What the task requires: What you return must be an exact copy of the lines in the listing below between the line holding "From my perspective, the" and the line holding "近日,中國上市公司協(xié", inclusive, and nothing more.

[Opening Records supplied section]

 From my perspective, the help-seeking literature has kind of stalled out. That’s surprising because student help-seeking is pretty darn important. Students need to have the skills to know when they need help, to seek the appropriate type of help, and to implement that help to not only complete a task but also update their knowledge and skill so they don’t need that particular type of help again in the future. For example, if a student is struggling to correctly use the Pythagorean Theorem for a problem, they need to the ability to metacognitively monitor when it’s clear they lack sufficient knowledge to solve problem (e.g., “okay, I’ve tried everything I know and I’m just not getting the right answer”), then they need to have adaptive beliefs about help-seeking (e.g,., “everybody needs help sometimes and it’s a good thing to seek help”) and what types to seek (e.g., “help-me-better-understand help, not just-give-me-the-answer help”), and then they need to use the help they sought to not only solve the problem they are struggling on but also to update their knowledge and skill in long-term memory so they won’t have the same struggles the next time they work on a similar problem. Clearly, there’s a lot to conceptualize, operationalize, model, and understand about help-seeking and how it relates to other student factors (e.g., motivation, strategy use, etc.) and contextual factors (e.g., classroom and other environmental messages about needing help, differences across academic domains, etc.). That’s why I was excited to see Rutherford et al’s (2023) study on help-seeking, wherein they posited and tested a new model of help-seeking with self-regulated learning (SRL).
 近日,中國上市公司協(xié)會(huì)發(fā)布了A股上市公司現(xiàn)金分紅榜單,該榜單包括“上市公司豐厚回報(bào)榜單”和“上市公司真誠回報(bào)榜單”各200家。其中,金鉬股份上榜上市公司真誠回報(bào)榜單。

[Closing Records supplied section]
[Opening Records supplied section]

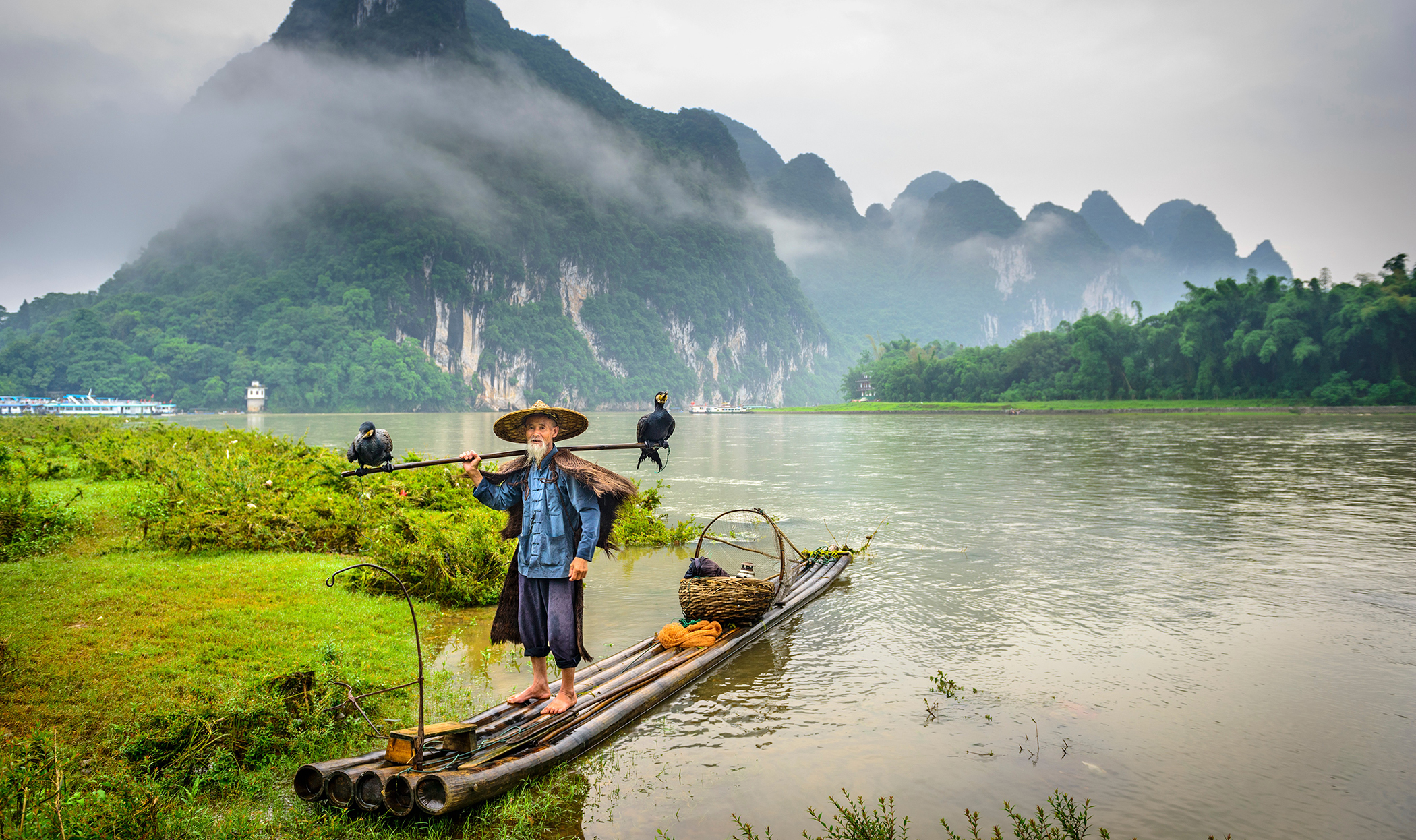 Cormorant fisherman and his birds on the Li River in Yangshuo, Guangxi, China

[Closing Records supplied section]

Response to this exercise:
 From my perspective, the help-seeking literature has kind of stalled out. That’s surprising because student help-seeking is pretty darn important. Students need to have the skills to know when they need help, to seek the appropriate type of help, and to implement that help to not only complete a task but also update their knowledge and skill so they don’t need that particular type of help again in the future. For example, if a student is struggling to correctly use the Pythagorean Theorem for a problem, they need to the ability to metacognitively monitor when it’s clear they lack sufficient knowledge to solve problem (e.g., “okay, I’ve tried everything I know and I’m just not getting the right answer”), then they need to have adaptive beliefs about help-seeking (e.g,., “everybody needs help sometimes and it’s a good thing to seek help”) and what types to seek (e.g., “help-me-better-understand help, not just-give-me-the-answer help”), and then they need to use the help they sought to not only solve the problem they are struggling on but also to update their knowledge and skill in long-term memory so they won’t have the same struggles the next time they work on a similar problem. Clearly, there’s a lot to conceptualize, operationalize, model, and understand about help-seeking and how it relates to other student factors (e.g., motivation, strategy use, etc.) and contextual factors (e.g., classroom and other environmental messages about needing help, differences across academic domains, etc.). That’s why I was excited to see Rutherford et al’s (2023) study on help-seeking, wherein they posited and tested a new model of help-seeking with self-regulated learning (SRL).
 近日,中國上市公司協(xié)會(huì)發(fā)布了A股上市公司現(xiàn)金分紅榜單,該榜單包括“上市公司豐厚回報(bào)榜單”和“上市公司真誠回報(bào)榜單”各200家。其中,金鉬股份上榜上市公司真誠回報(bào)榜單。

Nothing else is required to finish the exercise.